• _Source material_
Segment Open

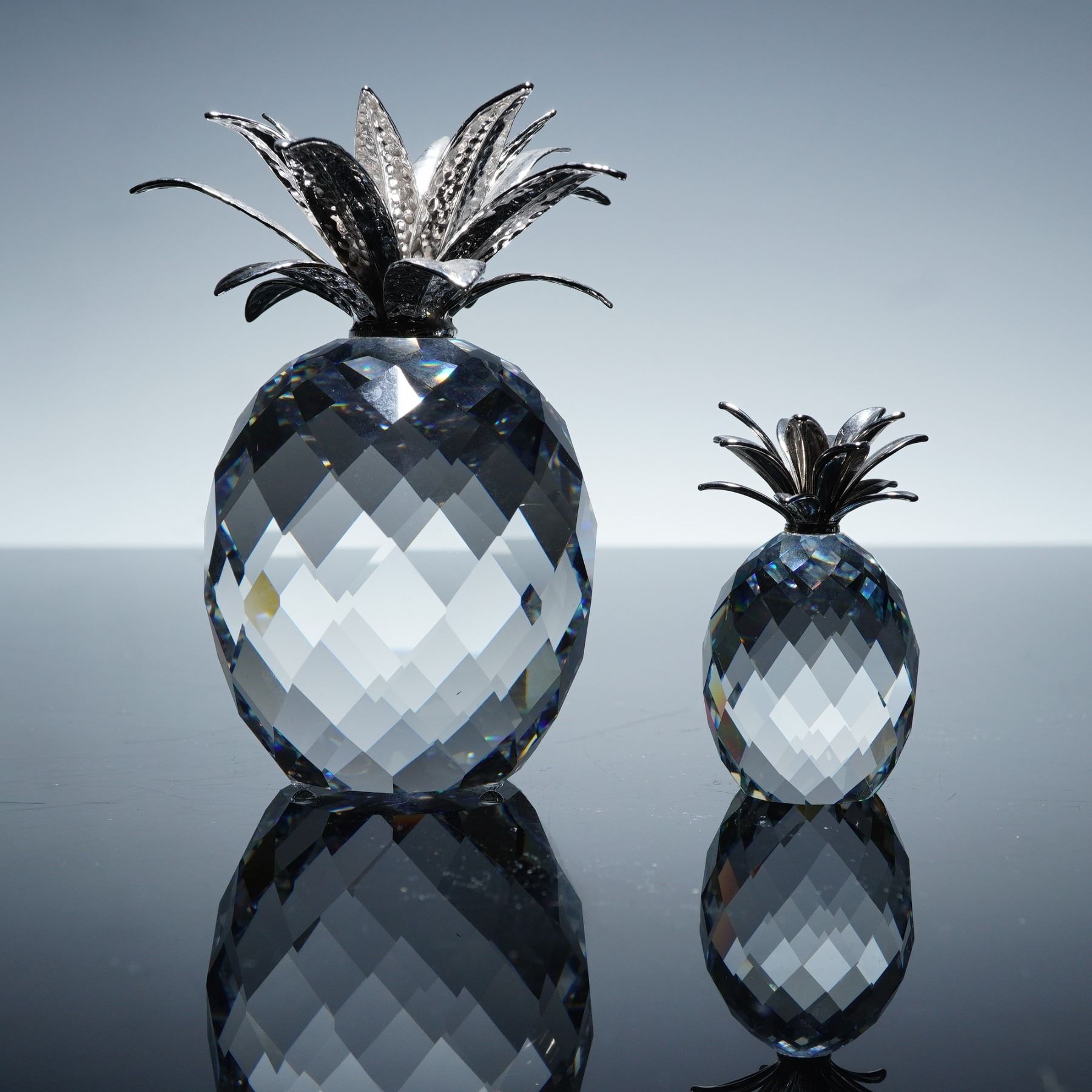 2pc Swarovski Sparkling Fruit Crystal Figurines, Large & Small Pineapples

Segment Closed
Segment Open

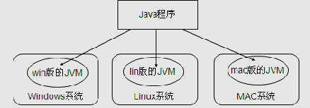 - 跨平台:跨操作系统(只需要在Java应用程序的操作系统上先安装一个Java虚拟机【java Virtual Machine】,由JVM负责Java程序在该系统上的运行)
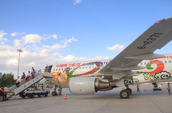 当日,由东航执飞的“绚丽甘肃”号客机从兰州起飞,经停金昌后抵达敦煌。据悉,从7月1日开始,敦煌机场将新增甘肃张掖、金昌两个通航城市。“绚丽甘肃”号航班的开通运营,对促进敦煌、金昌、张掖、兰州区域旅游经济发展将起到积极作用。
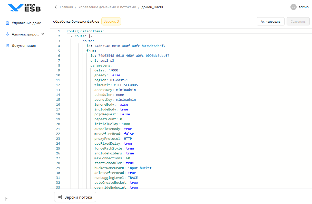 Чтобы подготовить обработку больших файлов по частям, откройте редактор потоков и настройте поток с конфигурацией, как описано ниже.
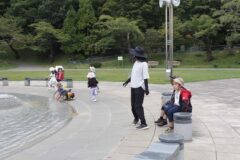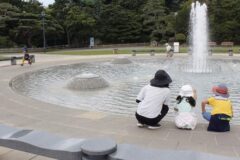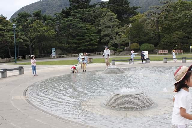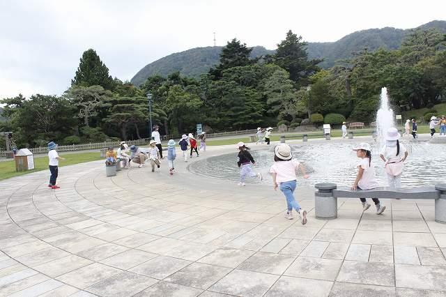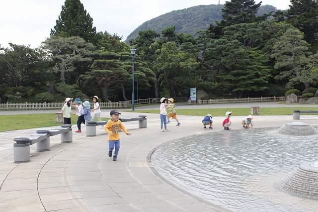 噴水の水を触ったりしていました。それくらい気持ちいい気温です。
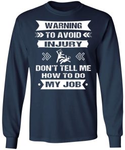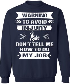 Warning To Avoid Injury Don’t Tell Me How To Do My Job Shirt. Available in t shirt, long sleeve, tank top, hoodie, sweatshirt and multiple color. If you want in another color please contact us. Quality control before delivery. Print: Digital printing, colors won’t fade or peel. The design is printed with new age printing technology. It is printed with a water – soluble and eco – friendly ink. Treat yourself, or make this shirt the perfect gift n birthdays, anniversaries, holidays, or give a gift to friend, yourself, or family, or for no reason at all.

Segment Closed
Segment Open

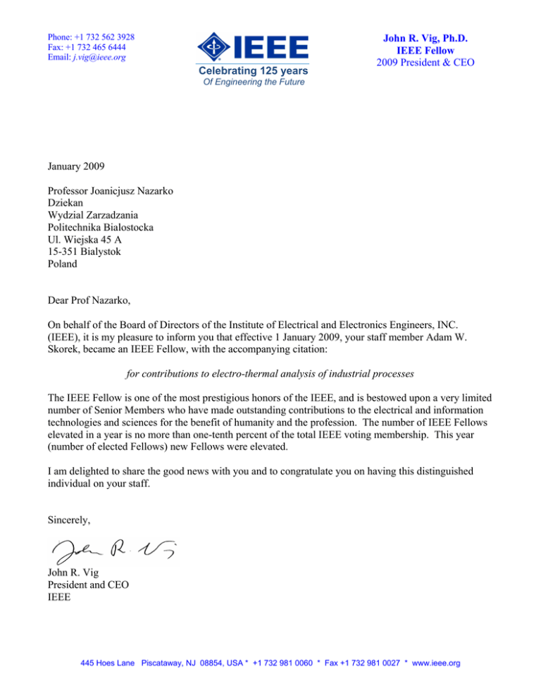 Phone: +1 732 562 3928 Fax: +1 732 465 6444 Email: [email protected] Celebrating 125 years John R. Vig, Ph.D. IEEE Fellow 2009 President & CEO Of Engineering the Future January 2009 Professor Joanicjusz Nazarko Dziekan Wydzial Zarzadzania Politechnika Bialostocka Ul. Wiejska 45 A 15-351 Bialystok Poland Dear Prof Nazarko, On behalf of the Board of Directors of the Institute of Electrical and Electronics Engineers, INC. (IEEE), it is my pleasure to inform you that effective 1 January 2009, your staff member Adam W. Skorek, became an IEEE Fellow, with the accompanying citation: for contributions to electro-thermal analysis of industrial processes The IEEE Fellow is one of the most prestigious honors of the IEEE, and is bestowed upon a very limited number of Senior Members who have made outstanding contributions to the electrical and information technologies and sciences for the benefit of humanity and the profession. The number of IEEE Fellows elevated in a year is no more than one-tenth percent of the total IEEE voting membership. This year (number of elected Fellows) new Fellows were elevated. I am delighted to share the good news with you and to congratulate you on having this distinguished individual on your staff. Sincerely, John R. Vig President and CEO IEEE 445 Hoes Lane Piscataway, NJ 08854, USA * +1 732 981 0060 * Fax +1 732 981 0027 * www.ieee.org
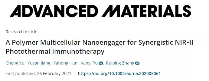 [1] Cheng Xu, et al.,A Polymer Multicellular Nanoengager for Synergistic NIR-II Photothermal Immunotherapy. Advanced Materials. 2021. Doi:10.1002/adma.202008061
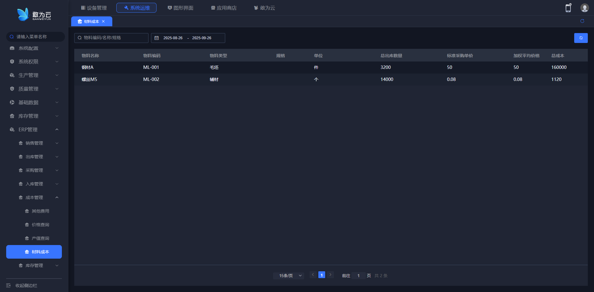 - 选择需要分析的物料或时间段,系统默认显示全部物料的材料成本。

Segment Closed

• _Problem statement_
In the entries above, find the line containing "- 跨平台:跨操作系统(只需要在Java应用程序的操作系统上先安装一个Java虚拟机【java Virtual" and the line containing "Warning To Avoid", then copy both and every line between them exactly, without any picture.

• _Result_
 - 跨平台:跨操作系统(只需要在Java应用程序的操作系统上先安装一个Java虚拟机【java Virtual Machine】,由JVM负责Java程序在该系统上的运行)
 当日,由东航执飞的“绚丽甘肃”号客机从兰州起飞,经停金昌后抵达敦煌。据悉,从7月1日开始,敦煌机场将新增甘肃张掖、金昌两个通航城市。“绚丽甘肃”号航班的开通运营,对促进敦煌、金昌、张掖、兰州区域旅游经济发展将起到积极作用。
 Чтобы подготовить обработку больших файлов по частям, откройте редактор потоков и настройте поток с конфигурацией, как описано ниже.
 噴水の水を触ったりしていました。それくらい気持ちいい気温です。
 Warning To Avoid Injury Don’t Tell Me How To Do My Job Shirt. Available in t shirt, long sleeve, tank top, hoodie, sweatshirt and multiple color. If you want in another color please contact us. Quality control before delivery. Print: Digital printing, colors won’t fade or peel. The design is printed with new age printing technology. It is printed with a water – soluble and eco – friendly ink. Treat yourself, or make this shirt the perfect gift n birthdays, anniversaries, holidays, or give a gift to friend, yourself, or family, or for no reason at all.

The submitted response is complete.